I would watch the density altitude as a gross reference point but also track the humidity, and
http://www.airdensityonline.com/ web site pay attention to the two values for
# air density(without water vapor) = 81.98
# air density (WITH water vapor) = 81.24
These are the reported values today here at Bandimere drag strip (5800 ft altitude) and :
# temperature = 50.0 deg f
# corrected barometer* = 29.81 Hg
# relative humidity = 68 %
Note that the high humidity effects the air density without water vapor vs with water vapor. As far as fuel air mixture you need to tune for the actual oxygen content per unit volume in the incoming air charge, but the humidity will effect how hot or cool a given AFR will burn, as humid air takes considerable more energy to increase its air temperature a given amount compared to dry air.
An easy way to see how humidity effects the heat capacity of air is to look at the dry lapse rate and saturated lapse rate values used in meterology.
Saturated air changes temperature at about 2.7 °F/1,000 ft change in altitude, where dry air changes temperature at a rate of approximately 5.5 deg F/1,000 ft change in elevation. As you can see the ratio is 5.5/2.7 = almost 2:1 difference in how much energy it takes to heat or cool a parcel of air depending if it is completely dry or fully saturated with water vapor. That means hot dry conditions are most likely to hurt the engine if it goes lean, compared to hot damp conditions and the same change in fuel air mixture.
Take a look at this web site, he does a good job of explaining how temperature, humidity and density effect engine power and how it compares to density altitude.
http://wahiduddin.net/calc/calc_hp_abs.htmIf you play with his calculators you can see that you can find two different conditions with identical density altitude but the relative power levels will be different.

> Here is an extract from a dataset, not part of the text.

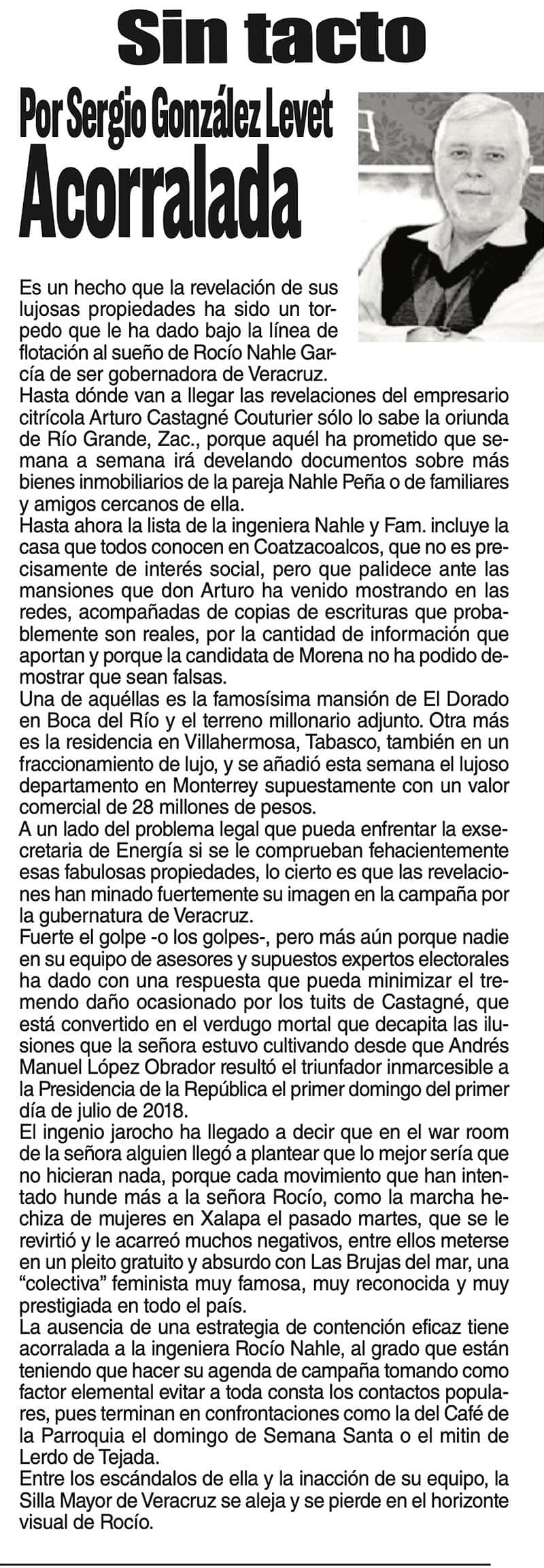 SIN TACTO | ACORRALADA - Es un hecho que la revelación de sus lujosas propiedades ha sido un torpedo que le ha dado bajo la línea de flotación al sueño de Rocío Nahle García...

For example if you input values of 50 deg F, absolute air pressure (station pressure = uncorrected barometer) of 24.3 in-hg, and relative humidity of 60% you get a density altitude of 6482 ft and a relative power level of 82.2.
If you put in a temperture of 51.42, Deg F, and the same barometric station pressure of 24.3 in-hg, and a humidity of 10% you get the same density altitude number but the relative power is now 82.8. The drop in humidity was worth an increase in power (due to increased oxygen to burn) of 82.8/82.2=1.00729
That does not sound like much but on a 400 hp engine it would be a change in power of 2.9 hp. That is assuming you nailed the tune for both conditions. If you hit one and missed the other, the difference could easily be 5-8 hp or more. The variation is much higher in hot temperatures because air can hold much more humidity in high temperatures.
If you use dry conditions 10% humidty, station pressure of 24.3 and temperature of 110 deg F your density altitude is 10093 and a relative power of 77%. If you drop the temperature to 75 degrees and 70% humidity and adjust the station pressure to 22.946 in-hg get to the same density altitude, you have relative power of 73.4%
Power has changed by 77/73.4=1.049 or about 5% between the two conditions even though the density altitude computed is the same.
On a 400 hp engine that change would be 20 hp difference if both tunes were ideal.